Она кладёт свои маленькие проворные руки на огромные неуклюжие ручищи капитана и начинает сгибать и разгибать его пожжённые пальцы, приучая к непривычному делу. Терпеливо, старательно и ласково. Как, должно быть, учила бы свою дочь вышивать. Если бы умела вышивать сама. И если бы эта дочь у неё была.
Капитан появился здесь недавно, и мороки с ним — не приведи господи. Дело даже не в том, что руки его оказались к новому ремеслу напрочь неспособны. Главное — в другом. Из света он — совсем недавно и всё никак к потёмкам приспособиться не может. Ну ни в какую — и всё тут! Окружающий мир отпечатался в его памяти каким-то перекособоченным, ломаным. Вырванный из прежнего привычного мира, Капитан никак не мог обвыкнуться в своём новом состоянии, до конца погрузиться в него. И потому барахтался на зыбкой грани. На том стыке, где мир искажён, деформирован, все масштабы и пропорции смещены. Как ломаной видится нам ложка на грани воды и воздуха в стакане, заполненном наполовину.
Он вечно на всё, что надо обойти, натыкался. Мимо всего, куда надо попасть, промахивался. Везде терял ориентир и координацию. Даже поесть аккуратно у него не получалось — расстояние между чашкой на столе и собственным ртом ему представлялось совсем иным.
Что касается работы, то она у него категорически не шла. Он ненавидел себя нынешнего — неуклюжего и неумелого — изводился, психовал. Иногда принимался остервенело грызть свои глупые корявые пальцы и каждый день собирался из артели уйти. И ушёл бы наверняка. Если бы не Анна Николаевна.
— Ты мне, Капитан, дисциплину тут не разлагай! — сурово шипела она ему в ухо. — Ишь ты, красна девица нашлась! Уговаривай, понимаешь, его! Бросить-то всяк дурак может. А потом-то вот что? По вагонам с шапкой пойдёшь, что ли? Дома сиднем сидеть станешь? Сразу сопьёшься — это я тебе точно говорю. Да и пенсия твоя велика ли? Жене на шею усядешься? Давай, давай! То-то от людей и от детей твоих уважение будет! Ты дурака-то не валяй, учись-ка вот, старайся. Главное тебе — не завитушки из прутиков научиться мастерить, а пальцы свои вышколить. Чтоб слушались да заместо глаз служить начали. А уж потом ты — хоть куда. С твоим-то образованием, с силищей этакой ты знаешь, какую работу сыщешь! Только тебе ни за что нельзя вот сейчас скиснуть. Слышишь — ни за что!
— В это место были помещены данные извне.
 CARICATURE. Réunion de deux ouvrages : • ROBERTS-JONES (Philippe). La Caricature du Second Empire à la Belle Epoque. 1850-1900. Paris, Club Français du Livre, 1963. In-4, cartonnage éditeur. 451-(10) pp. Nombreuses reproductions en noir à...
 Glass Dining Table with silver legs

А корзин этих ты, Капитан, не стыдись. И людям они — вещь нужная, и пальцам твоим — школа первейшая. Так что дурака тут не валяй, а работай и работай. Давай-ка ещё вместе попробуем. Бери прут. Та-ак. Теперь — другой, хорошо. Ну, поехали!..
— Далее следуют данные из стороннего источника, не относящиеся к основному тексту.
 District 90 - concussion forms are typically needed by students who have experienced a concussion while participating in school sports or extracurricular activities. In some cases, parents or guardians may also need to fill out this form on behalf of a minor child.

Капитан горел в танке. Каждый раз, когда я глядела на него, то вспоминала только что ободранного суслика в руках старика сторожа на бахчах. Старик был ветхий, подслеповатый, дрожащий. Уберегая шкурку от порезов, он безбожно искромсал ничтожное тельце, исковырял своим безжалостным тупоносым ножом. Весь жалконький щупленький зверёк был рвано изрыт, будто неумело вспахан. А вдоль распоротого брюшка болтались лохмотья бледной плоти в нечастых бисеринках тёмно-бордовой крови.
Если бы тот суслик ожил и встал столбиком рядом с Капитаном, то не только я, но и все вокруг увидели бы, как они похожи.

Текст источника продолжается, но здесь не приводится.